Joe's overriding interest in life is his family, particularly his sons. His narrow devotion to them has been both motive and excuse for everything he has done. Miller made it clear in his introduction to his collected plays that All My Sons is in part about the wider responsibility people have to the world beyond their own back porch. Joe's problem is that he cannot see his own connection to society beyond his own backyard. But I find that unconvincing. It doesn't demand any understanding of a wider society to know that sending boys to their deaths to avoid a commercial loss, and then letting another man take the blame is wrong even by the most parochial of standards. 

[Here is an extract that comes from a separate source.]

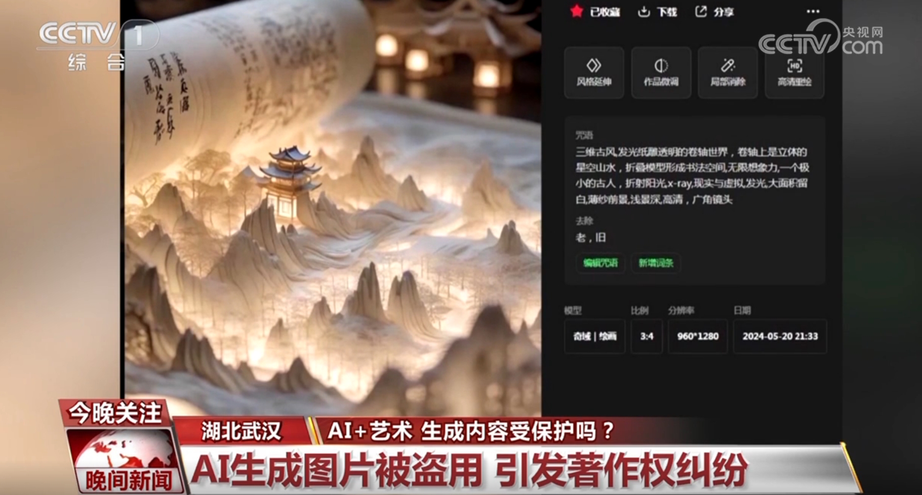 武汉东湖新技术开发区人民法院东湖科学城人民法庭二级法官 许冬冬:首先应当看原告王某输入的关键词及参数是否达到了独创性的标准;第二个是原告的创作活动和生成作品的关联性,原告在创作的时候输入了几十个关键词,比如卷轴、光影效果、远景等等,经过了几十次输出并且挑选筛选,最终获得了涉案图片。

What is more interesting and central to the play is the way that the main characters manage to deceive themselves, at least partly — another theme with contemporary political resonance. "You have such a talent for ignoring things," Chris says to his mother but it seems he shares it. And as a neighbour remarks, living with something terrible requires a certain talent for lying. Evasion, fabulation, forgetting, lying — these are unstable, intermittent devices and Suchet shows with brilliantly subtle transformations the many unstable changes of mood that Joe goes through. He even seems to change physically, to grow, shrink and age through Joe's reluctant progress towards the punishing truth. 

A talent for ignoring things and for lying is central to Simon Gray's play at the Donmar Warehouse, The Late Middle Classes. This is its London première, though it was first produced in Watford in 1999. Like All My Sons, it is set soon after the Second World War, but in an England where there is still food rationing. Charles is a typically lower-upper-middle-class Englishman, an inhibited pathologist given to bitter witticisms who is glad that at least his patients don't talk to him. His snobbish wife Celia is bored and discontented. Forced to humiliate herself socially in the pursuit of company and scarce fresh eggs, she consoles herself with gin, cigarettes and tennis, ignoring her son apart from fitful emotional blackmail. 

Holliday, their son (who shares his name with Simon Gray) , is articulate and talented. They allow him to take piano lessons at the house of his besotted music teacher and his neurotic, Viennese émigré mother, whose complicity Holly breezily ignores. Caught at the edge of adolescence between the indifference of his parents and the excessive interest of Mr Brownlow, Holly negotiates the complications of his life with a vulnerable, heartbreaking sophistication. Laurence Belcher (one of three boys playing the role) is quite exceptional; indeed, he steals the show. Gray's admirers should not miss this overdue London production of the play, but they will have to admit that, for all its wit, perception and black comedy, it is by his standards rather slow and slight.